# Delta 36-600



## mikew13 (Nov 22, 2007)

I have a Delta 36-600 I had for 10 years, however the motor just burned out arcing blue and orange flashes in the middle of a cabinet door project.

In the meantime until I upgrade to a better contractor saw from Delta, I would like to hear from owners of this model about any motor upgrades, or am I just stuck with the stock motor I plan on purchasing?
($200)

My plan is purchase brushings for the older motor and have it repaired if I found a good price and sell when I purchase a better Delta.

Thanks


----------



## Kingfisher (Oct 14, 2007)

It's a belt drive, the motor swap should be a breeze for any brand you want to use just get a pully the right shaft size and bolt it on. Baldor is the most common but there are many others like this grizzy motor

http://grizzly.com/products/Motor-2-HP-Single-Phase-3450-RPM-TEFC-110V-220V/H5385

or

http://www.grizzly.com/products/Motor-1-1-2-HP-Single-Phase-3450-RPM-Open-110V-220V/G2908

but if you were planing on upgrading anyways do it now and save tyhe motor cost in the purchase. Then look for a motor cheap at yard sales, Ebay and the such for the old one or sell it missing the motor for $50.


----------



## knotscott (Nov 8, 2007)

The 36-600 was my first TS....it's since been replaced by the TS300. If simply replacing the brushes doesn't do the trick, I doubt it's worth repairing the motor unless you find someone to do it cheap. 
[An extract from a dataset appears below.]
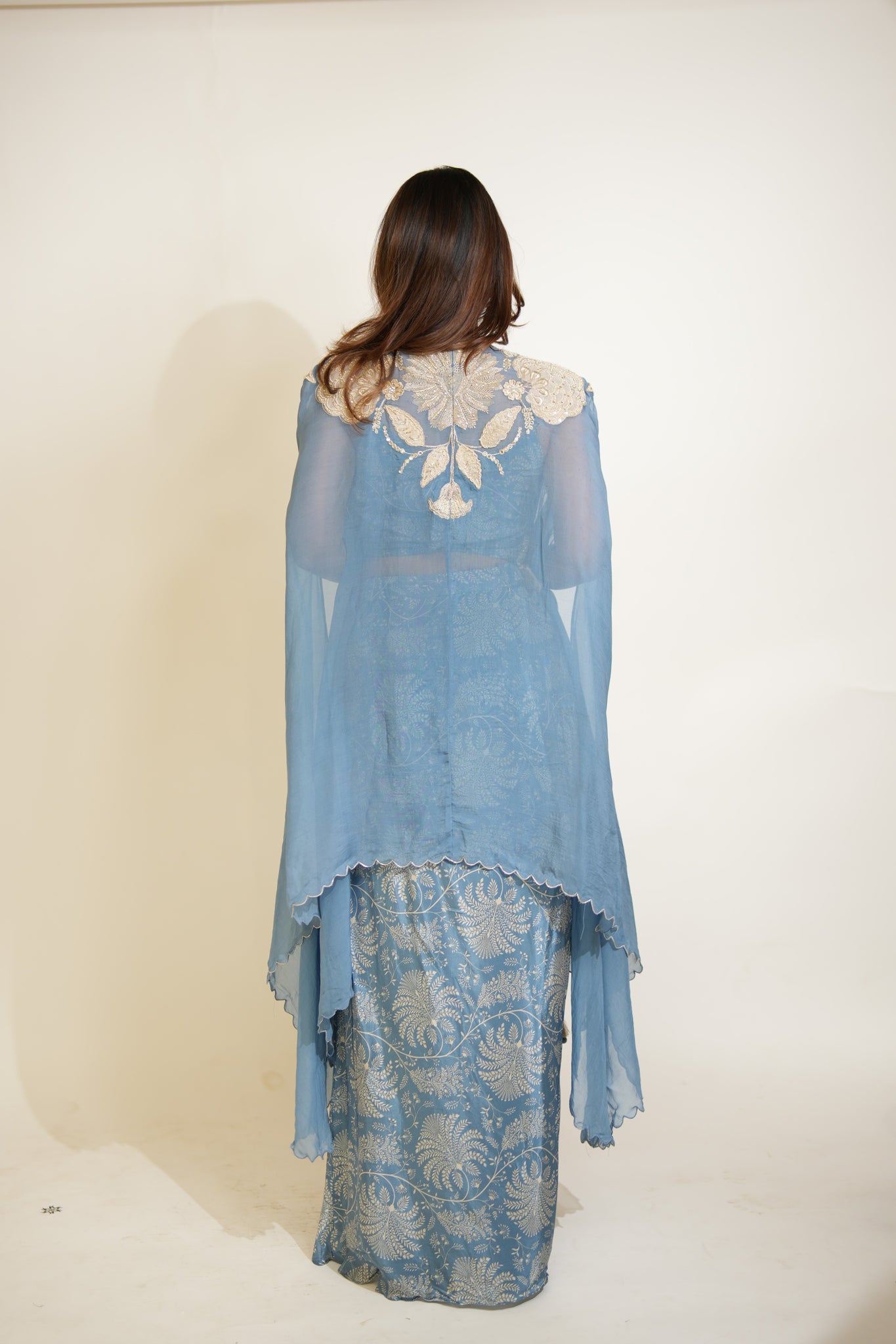 Turn heads in this modern blue skirt set featuring intricate floral embroidery, a stylish asymmetric skirt, and a soft draped dupatta. Lightweight, elegant, and effortlessly contemporary — perfect for cocktail nights, sangeet events, and festive celebrations.

At this point, I'd be leaning heavily toward biting the bullet and buying at least a full size used contractor saw with the $200 it'll cost to replace the motor on the 36-600. After 10 years, I'd say you got your money's worth. You might be able to sell of some of the parts to offset the cost of a replacement....fence, miter gauge, blade guard, leg stand, handwheels, wings, etc....you might be pleasantly surprised by what you'll get on Ebay. 

There are some new saw deals going on...$400 for the Jet contractor saw at Rockler. $267 for the Craftsman 22104 hybrid at Sears (if you can find one in stock). Have heard rumor about a Ridgid TS2400 portable jobsite saw for $299 on black Friday. And likely many others I'm not aware of...'tis the season. :thumbsup:


----------



## mikew13 (Nov 22, 2007)

Unfortunately the 36-600 isn't belt drive, its direct drive with a intregrated 5/8 shaft tapped on the end.
http://www.toolpartsdirect.com/cgi-bin/schematic.cgi/delta/36-600

Thank you for the knottscott, however being a ex-home depot employee, I prefer to shy away from Ridgid and even further from Craftsman power tools. (I buy their handtools through).
However Craftsman sacrificed quality in power tools about 20 years ago.

Being a direct drive motor, it seems impossible to find a aftermarket, superior replacement motor. So I will bite the bullet and replace it. 
I have other things on my list instead of buying another tablesaw. Being 25, out of school and no permanent job, I will keep this until I find a permanent job and can purchase better and more machinery. In that case when the time comes, and I can pay $800-$1000 for a good saw. For now if I find a nice, shop used Delta Contractors saw with the external belt drive motor, I will sell this one, especially when its easier to upgrade the motor.


----------



## mikew13 (Nov 22, 2007)

Does this look like a good saw?





































Model 34-444


----------



## knotscott (Nov 8, 2007)

:thumbsup: It does to me....good saw, looks to be in good shape, and is a standard full size saw. That's the USA made version of their more modern China saws. It'll accept standard accessories and things like the wings and fence are easily upgradeable in the future should you ever have the desire. If the price is right and it runs as good as it looks, I'd be tempted.


----------



## mikew13 (Nov 22, 2007)

Also a 34-441 popped up on Craigslist, but is the 34-444 a superior model?


----------